Fig. 2.BIPSPI interface predictions for the proteins included in pdb 4ov6 bioassembly number 2. Subtilase domain of PCKS9 protein (pdb-chain E), surface representation. Peptide inhibitor domain of PCKS9 (pdb-chain D), green ribbon or trace schema. PCSK9-binding adnectin protein (pdb-chain G), magenta ribbon or trace schema. (A) Normalized binding site prediction scores for the prediction of the PCKS9 subtilase domain (heat map surface) interacting with the peptide inhibitor domain (green ribbon). Scores for all residues are displayed. (B) Normalized binding site predicted scores for the prediction of the PCKS9 subtilase domain (heat map surface) interacting with PCSK9-binding adnectin protein (magenta ribbon). Scores for all residues are displayed. (C) Compact representation of (A) and (B) in which just the highest score binding site residues for each interacting binding site are depicted.

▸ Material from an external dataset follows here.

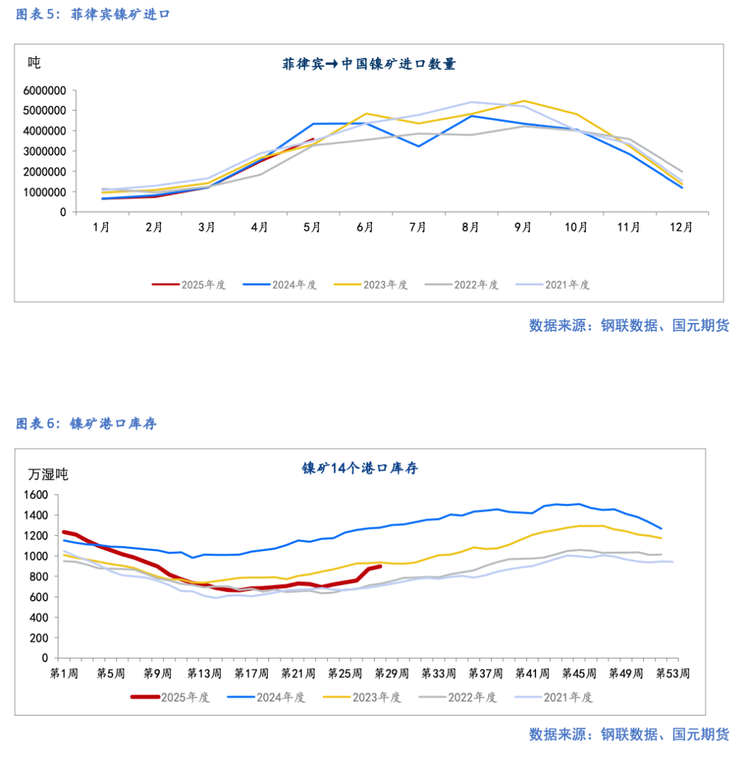 镍矿方面:印尼RKAB配额审批已达3.6亿,上半年使用量仅1.2亿,矿山为完成出矿指标,整体挺价心态或有所弱化。

For the PCKS9 subtilase domain (grey surface), residues that interact with the peptide inhibitor domain (green ribbon) are coloured in lemon-green and in light-pink when they interact with the PCSK9-binding adnectin protein (magenta). (D) Residue spheres representation of the top four highest score residue predictions coloured in light-pink for the PCSK9-binding adnectin protein (magenta) and lemon-green for the peptide inhibitor domain (green) (Color version of this figure is available at Bioinformatics online.)